▸ **What you will do**
Please copy exactly the part of the records below that opens with the line containing "Breloque fée 23" and closes with the line containing "在馬鈴薯中找出「PURE P", leaving out any pictures.

====== Records for this task

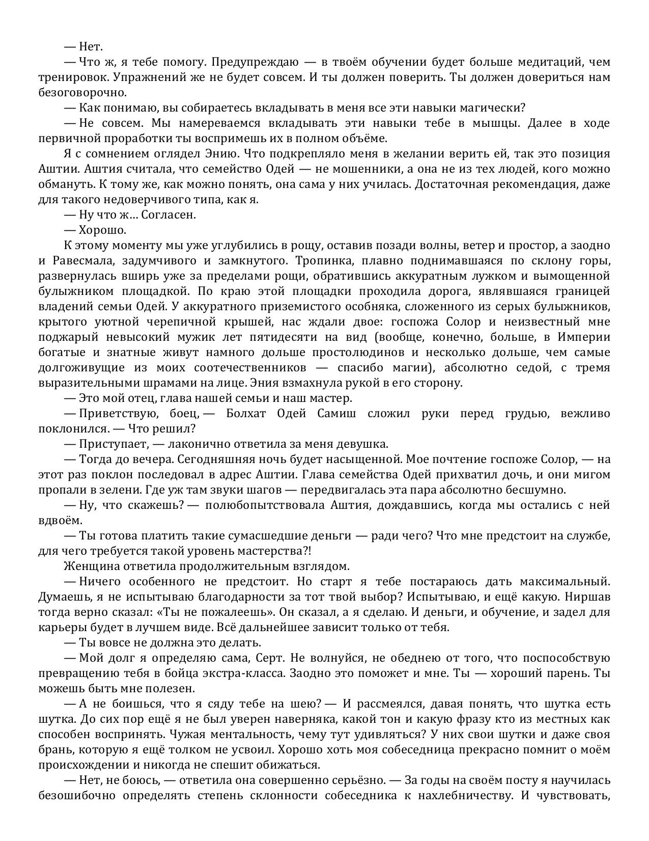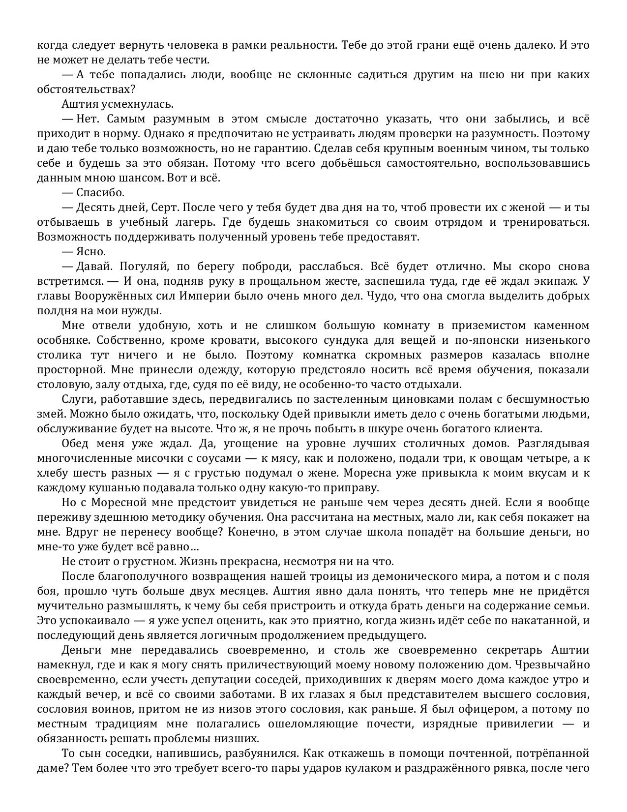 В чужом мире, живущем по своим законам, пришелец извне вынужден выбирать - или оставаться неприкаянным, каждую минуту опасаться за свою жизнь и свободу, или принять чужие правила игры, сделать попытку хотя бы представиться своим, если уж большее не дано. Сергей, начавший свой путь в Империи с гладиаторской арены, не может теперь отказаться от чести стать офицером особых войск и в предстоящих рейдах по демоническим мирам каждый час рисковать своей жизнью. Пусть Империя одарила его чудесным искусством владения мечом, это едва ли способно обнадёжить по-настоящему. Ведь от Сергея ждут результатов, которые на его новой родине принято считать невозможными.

============
====== Records for this task

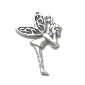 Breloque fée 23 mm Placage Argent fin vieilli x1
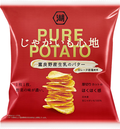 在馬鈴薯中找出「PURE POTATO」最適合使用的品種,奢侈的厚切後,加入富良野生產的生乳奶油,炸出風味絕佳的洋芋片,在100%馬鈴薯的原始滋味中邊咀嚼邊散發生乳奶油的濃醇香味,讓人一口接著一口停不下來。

============

▸ **The answer**
 Breloque fée 23 mm Placage Argent fin vieilli x1
 在馬鈴薯中找出「PURE POTATO」最適合使用的品種,奢侈的厚切後,加入富良野生產的生乳奶油,炸出風味絕佳的洋芋片,在100%馬鈴薯的原始滋味中邊咀嚼邊散發生乳奶油的濃醇香味,讓人一口接著一口停不下來。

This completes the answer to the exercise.